Officials are considering building a rail link from Chinese-controlled Tibet to Nepal which would ultimately link the mountain state's capital, Kathmandu, with Beijing - and would need to pass beneath the Himalayan mountain range.
The new rail route would boost trade and tourism between China and Nepal in a development that risks more tension with India over China's ambitions in south Asia.
The new line would join an existing line from Qinghai, a central Chinese province, to Lhasa, the capital of Chinese-controlled Tibet, and is being planned "at Nepal's request", according to reports in the China Daily. A Tibetan official is cited as saying it will be completed by 2020.
Everest's 8848m summit sits precisely on Nepal's border with China.
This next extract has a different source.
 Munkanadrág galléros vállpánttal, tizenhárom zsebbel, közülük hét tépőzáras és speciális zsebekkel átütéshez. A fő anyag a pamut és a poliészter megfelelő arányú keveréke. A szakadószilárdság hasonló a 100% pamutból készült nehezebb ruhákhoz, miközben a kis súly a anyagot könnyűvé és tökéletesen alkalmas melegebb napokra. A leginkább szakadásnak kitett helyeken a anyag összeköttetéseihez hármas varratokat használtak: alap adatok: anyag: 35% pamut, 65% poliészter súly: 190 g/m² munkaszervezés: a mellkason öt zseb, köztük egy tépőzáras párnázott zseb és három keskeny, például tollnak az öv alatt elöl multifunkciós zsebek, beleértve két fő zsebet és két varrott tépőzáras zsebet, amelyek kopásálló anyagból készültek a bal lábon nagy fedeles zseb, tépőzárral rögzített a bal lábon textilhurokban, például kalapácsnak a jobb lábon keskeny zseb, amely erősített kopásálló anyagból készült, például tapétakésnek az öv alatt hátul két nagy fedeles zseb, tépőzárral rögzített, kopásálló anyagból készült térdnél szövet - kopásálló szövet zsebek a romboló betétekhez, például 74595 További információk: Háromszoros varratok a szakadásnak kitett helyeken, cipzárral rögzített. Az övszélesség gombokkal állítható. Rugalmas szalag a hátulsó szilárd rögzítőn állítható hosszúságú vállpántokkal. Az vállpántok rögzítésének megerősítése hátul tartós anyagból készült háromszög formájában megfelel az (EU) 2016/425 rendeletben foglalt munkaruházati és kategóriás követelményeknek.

The rail project's specific details are few, but engineers may look for guidance to the makers of the world's current longest and deepest tunnel, under the Swiss Alps.
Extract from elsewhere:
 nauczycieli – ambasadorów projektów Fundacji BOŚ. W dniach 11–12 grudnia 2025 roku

China's Foreign Minister, Wang Yi, visited Kathmandu in December and said the line could eventually be extended to that city and beyond.
Chinese tourism to Nepal, which is home to eight of the world's 14 peaks higher than 8000m is also growing.
Wang Mengshu, of the Chinese Academy of Engineering, told state media: "If the proposal becomes reality, bilateral trade, especially in agricultural products, will get a strong boost, along with tourism."
He added: "The line will probably have to go through Qomolangma [the Tibetan name for Everest], so workers may have to dig some very long tunnels."
The challenging Himalayan terrain, with its "remarkable" ups and downs, means that trains on any line to Kathmandu would probably have a maximum speed of 120km/h, he said.
Sino-Indian tensions remain high, with both countries - home to 40 per cent of the world's population between them - seeking to shore up their influence in their respective regions.
Not far from the proposed rail link are areas which China and India both claim as their own, and over which there was a border war in 1962.